[What the task asks] Images stay out. Everything else in the records is repeated exactly.

[Exercise material]
◇ ◇ ◇
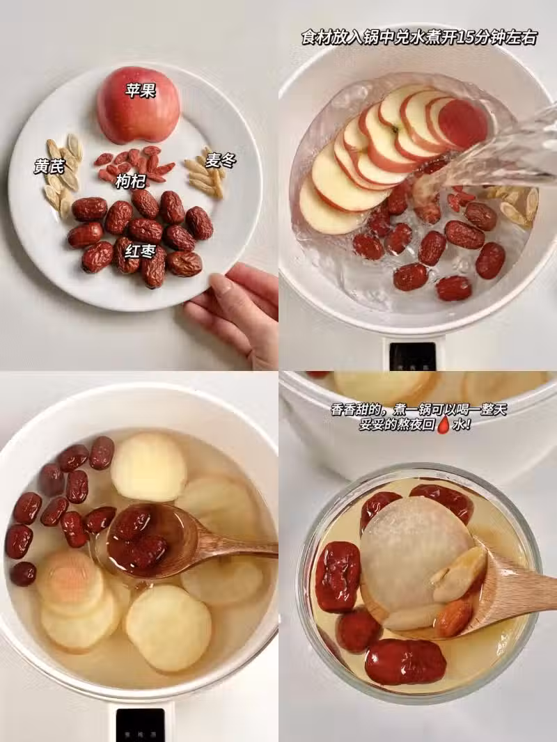 蘋果1個、黃芪10克、紅棗12顆、枸杞10粒、麥冬6顆
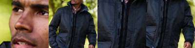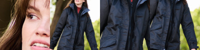 - Full length two way zip with stud and tear release storm flap
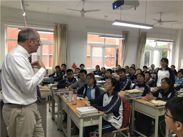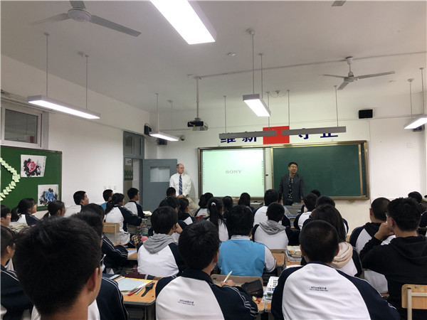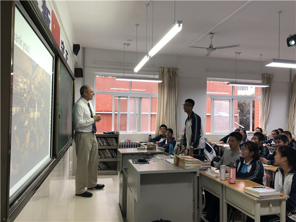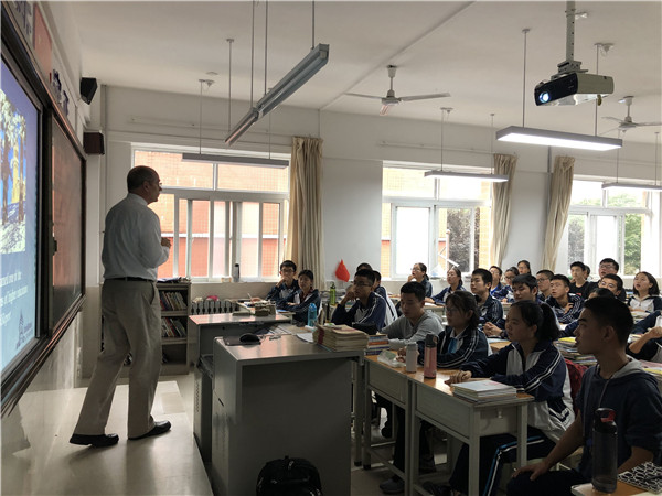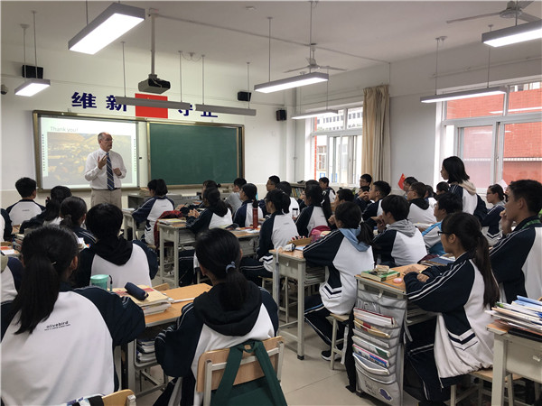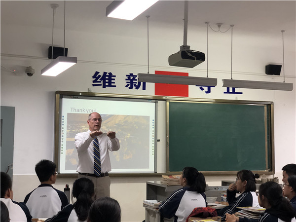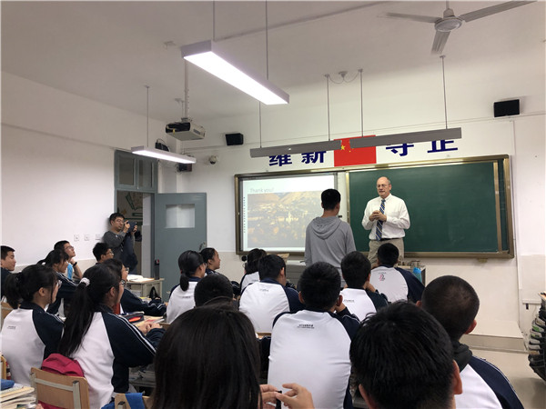 下午第三节课,高一1班的同学们怀着激动的心情,期待着这位外国友人的到来。邹宇锋副处长为同学们介绍了Jones教授的研究领域以及此次到访的目的。Jones教授用生动的图片和视频,介绍了自己的家庭、生长环境、美国著名的自然景观,以及在太空飞船上研究水与土壤之间的反应的实验,以及在没有地球引力的情况下,如何做运动以及饮食。
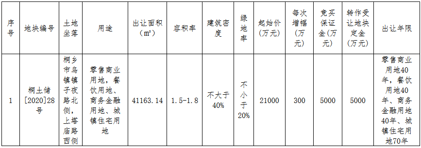 資料显示,該地塊編號為桐土儲[2020]28號,位於桐鄉市烏鎮鎮子夜路北側,上塔廟路西側。出讓面積41163.14㎡,起始價2.1億元,競買保證金5000萬元,最高限價3.15億元,建築密度≤40%,率≥20%,建築高度。
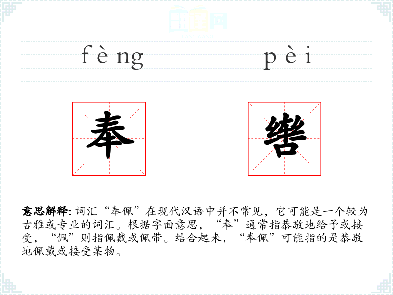 - 词源:“奉”和“佩”都是古代汉语中的常用字,组合起来形成了一个表达特定礼仪行为的词汇。
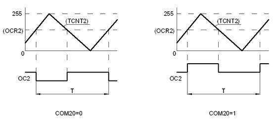 При записи байта в регистр OCR2 (по команде с мнемокодом операции OUT) байт принимается в регистр временного хранения, из регистра которого переписывается в регистр OCR2 при появлении в базовом счетчике кода числа 255. При этом исключается появление в сигнале PWM импульса со случайной длительностью.
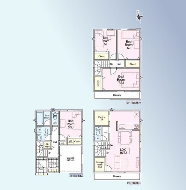 | 間取り | 4LDK 間取り内訳:リビングダイニングキッチン 16.7帖・洋室 5.5帖・洋室 7.5帖・洋室 6帖・洋室 5帖 |
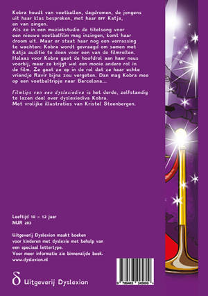 Filmtips van een dyslexiediva is het derde, zelfstandig te lezen deel over dyslexiediva Kobra. Met vrolijke illustraties van Kristel Steenbergen.
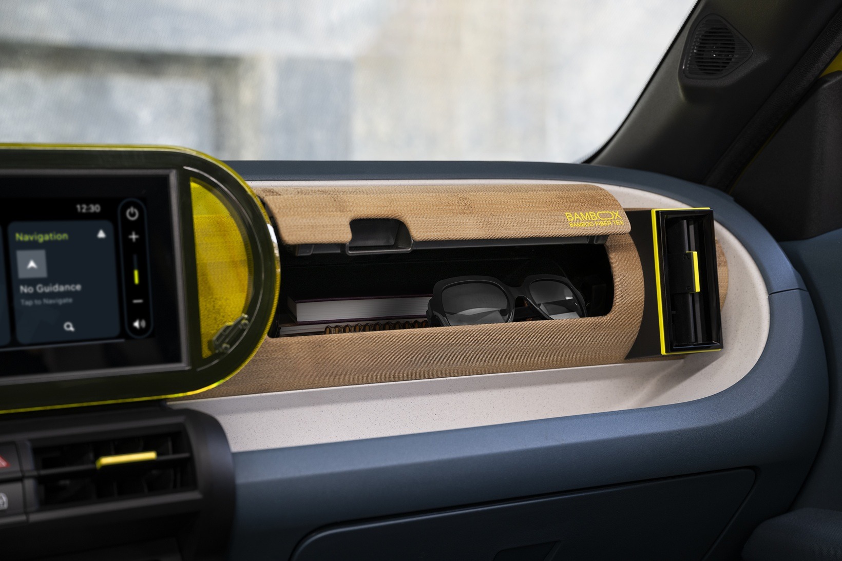 Επιπλέον, μια ειδική επένδυση στο ταμπλό, αποδεικνύει ότι ο σύγχρονος σχεδιασμός και η οικολογία μπορούν να συνυπάρχουν. Ονομάζεται “BAMBOX Bamboo Fiber Tex®” και περιέχει κατά 33% πραγματικές ίνες μπαμπού.
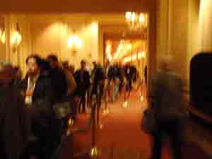 14:00 Samsung PK im Casanova Ballroom. Die Line zieht sich um halb 2 durchs ganze Untergeschoss (362 Schritt). Mit einer kurzen Gabelung am Anfang: "No, this is the Fedex-Line; Sähmsong is the long one." Bevor ich mich da einreih, wollt ich erst mal die Länge sondieren und bin dran entlang spaziert. Ungefähr 10m vor der Ballroomtür gab's nen Schnurlauf für Staff und da traf ich die deutschen Agenturleute und drin bin ich - ein Hoch auf Shangama und Co.!
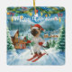 Ski jul för Santa Siamese Cat Lovers Snowy Ceramic Ornament
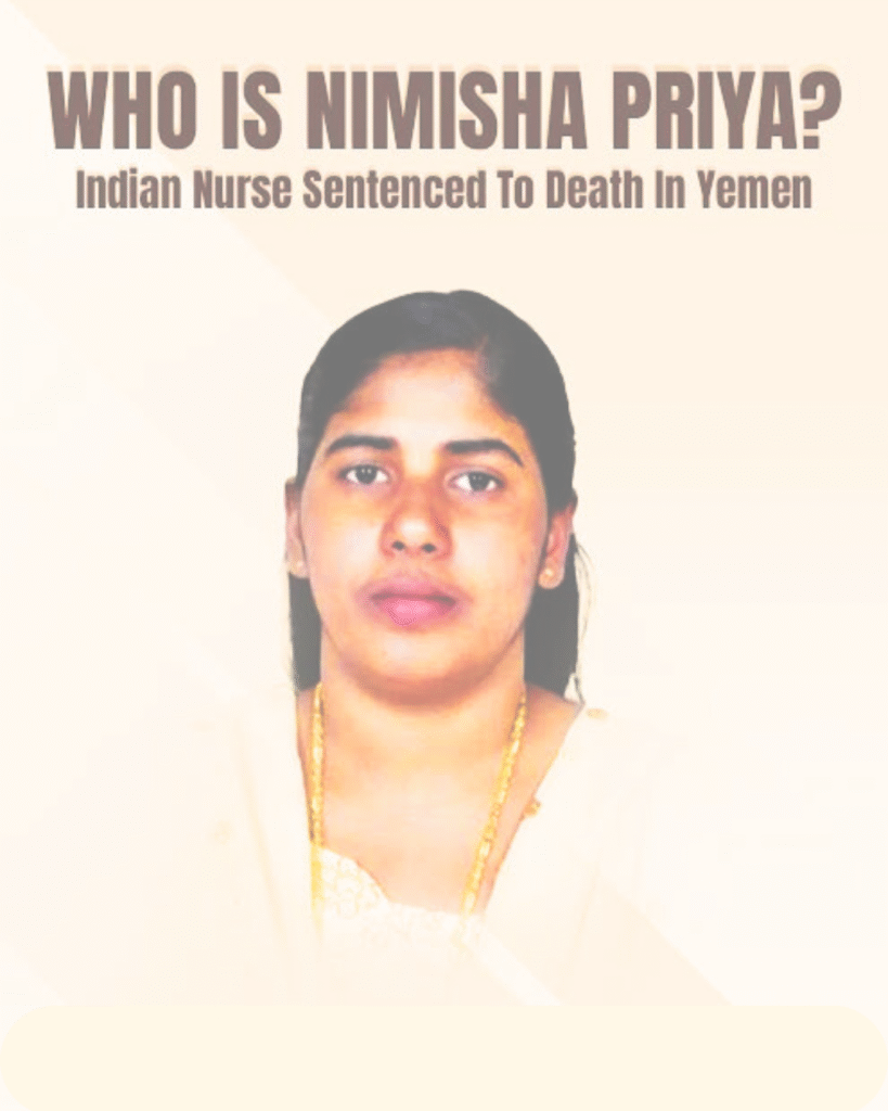 Kerala nurse Nimisha Priya जो काम करने यमन गई थीं, को 2017 में एक यमनी नागरिक की हत्या के आरोप में दोषी ठहराया गया था और फांसी की सजा सुनाई गई थी। यह मामला समय के साथ मानवाधिकार संगठनों और भारतीय प्रवासी समुदाय का ध्यान आकर्षित करता रहा है, जो सरकार से कूटनीतिक हस्तक्षेप की मांग कर रहे हैं।
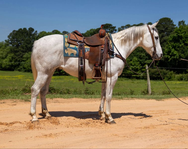 ONLINE AUCTION Place your bids at www.PlatinumEquineAuction.com Starting Bid $3500 Auction ends June 1st, 2025 Need a new saddle? Check out White Rock Saddles on our website or Facebook! Leo is a 9 year old gray gelding, he stands 14.2 hands tall. Leo has been mostly used as a trail horse, super easy to get along with, he has been ridden by all different ages. Leo is great outside and inside and has been trail rode all over! He crosses the water and goes wherever whenever with no hesitation. Leo has also been hauled to lots of playdays and fun shows and does super well at all the events. He has also been used on the ranch moving cattle and to gather and sort! Don’t miss out on this super nice little young gelding! He is located in Rusk TX, nationwide shipping is available. Call or text Bar S Livestock Sarah at 605-759-0491 for more info or to set up a time to come meet him! ONLINE AUCTION Place your bids at www.PlatinumEquineAuction.com Starting Bid $3500 Auction ends June 1st, 2025 Need a new saddle? Check out White Rock Saddles on our website or Facebook!
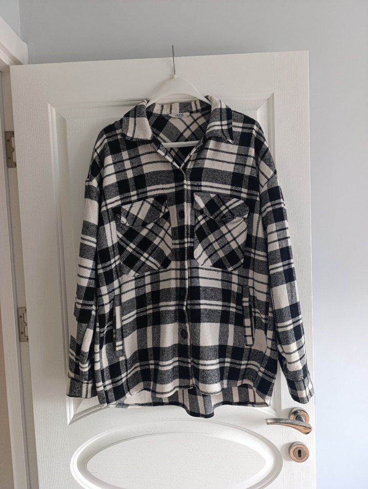 Düğmeli ve uzun kollu gri ekose kadın oduncu gömleği, notlu yaka ve rahat kesim ile günlük kullanıma uygundur. Yumuşak, sıcak kumaştan üretilmiştir.
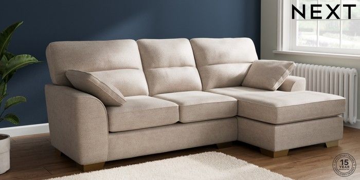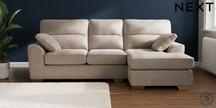 7.2.10 Stamford Highback Medium Sofa Chaise - Right Hand Boucle Chenille Light Natural Large Square Angle - Brushed Brass | Made Click here to use our website with more accessibility support, for example screen readers
◇ ◇ ◇
[Your response]
 蘋果1個、黃芪10克、紅棗12顆、枸杞10粒、麥冬6顆
 - Full length two way zip with stud and tear release storm flap
 下午第三节课,高一1班的同学们怀着激动的心情,期待着这位外国友人的到来。邹宇锋副处长为同学们介绍了Jones教授的研究领域以及此次到访的目的。Jones教授用生动的图片和视频,介绍了自己的家庭、生长环境、美国著名的自然景观,以及在太空飞船上研究水与土壤之间的反应的实验,以及在没有地球引力的情况下,如何做运动以及饮食。
 資料显示,該地塊編號為桐土儲[2020]28號,位於桐鄉市烏鎮鎮子夜路北側,上塔廟路西側。出讓面積41163.14㎡,起始價2.1億元,競買保證金5000萬元,最高限價3.15億元,建築密度≤40%,率≥20%,建築高度。
 - 词源:“奉”和“佩”都是古代汉语中的常用字,组合起来形成了一个表达特定礼仪行为的词汇。
 При записи байта в регистр OCR2 (по команде с мнемокодом операции OUT) байт принимается в регистр временного хранения, из регистра которого переписывается в регистр OCR2 при появлении в базовом счетчике кода числа 255. При этом исключается появление в сигнале PWM импульса со случайной длительностью.
 | 間取り | 4LDK 間取り内訳:リビングダイニングキッチン 16.7帖・洋室 5.5帖・洋室 7.5帖・洋室 6帖・洋室 5帖 |
 Filmtips van een dyslexiediva is het derde, zelfstandig te lezen deel over dyslexiediva Kobra. Met vrolijke illustraties van Kristel Steenbergen.
 Επιπλέον, μια ειδική επένδυση στο ταμπλό, αποδεικνύει ότι ο σύγχρονος σχεδιασμός και η οικολογία μπορούν να συνυπάρχουν. Ονομάζεται “BAMBOX Bamboo Fiber Tex®” και περιέχει κατά 33% πραγματικές ίνες μπαμπού.
 14:00 Samsung PK im Casanova Ballroom. Die Line zieht sich um halb 2 durchs ganze Untergeschoss (362 Schritt). Mit einer kurzen Gabelung am Anfang: "No, this is the Fedex-Line; Sähmsong is the long one." Bevor ich mich da einreih, wollt ich erst mal die Länge sondieren und bin dran entlang spaziert. Ungefähr 10m vor der Ballroomtür gab's nen Schnurlauf für Staff und da traf ich die deutschen Agenturleute und drin bin ich - ein Hoch auf Shangama und Co.!
 Ski jul för Santa Siamese Cat Lovers Snowy Ceramic Ornament
 Kerala nurse Nimisha Priya जो काम करने यमन गई थीं, को 2017 में एक यमनी नागरिक की हत्या के आरोप में दोषी ठहराया गया था और फांसी की सजा सुनाई गई थी। यह मामला समय के साथ मानवाधिकार संगठनों और भारतीय प्रवासी समुदाय का ध्यान आकर्षित करता रहा है, जो सरकार से कूटनीतिक हस्तक्षेप की मांग कर रहे हैं।
 ONLINE AUCTION Place your bids at www.PlatinumEquineAuction.com Starting Bid $3500 Auction ends June 1st, 2025 Need a new saddle? Check out White Rock Saddles on our website or Facebook! Leo is a 9 year old gray gelding, he stands 14.2 hands tall. Leo has been mostly used as a trail horse, super easy to get along with, he has been ridden by all different ages. Leo is great outside and inside and has been trail rode all over! He crosses the water and goes wherever whenever with no hesitation. Leo has also been hauled to lots of playdays and fun shows and does super well at all the events. He has also been used on the ranch moving cattle and to gather and sort! Don’t miss out on this super nice little young gelding! He is located in Rusk TX, nationwide shipping is available. Call or text Bar S Livestock Sarah at 605-759-0491 for more info or to set up a time to come meet him! ONLINE AUCTION Place your bids at www.PlatinumEquineAuction.com Starting Bid $3500 Auction ends June 1st, 2025 Need a new saddle? Check out White Rock Saddles on our website or Facebook!
 Düğmeli ve uzun kollu gri ekose kadın oduncu gömleği, notlu yaka ve rahat kesim ile günlük kullanıma uygundur. Yumuşak, sıcak kumaştan üretilmiştir.
 7.2.10 Stamford Highback Medium Sofa Chaise - Right Hand Boucle Chenille Light Natural Large Square Angle - Brushed Brass | Made Click here to use our website with more accessibility support, for example screen readers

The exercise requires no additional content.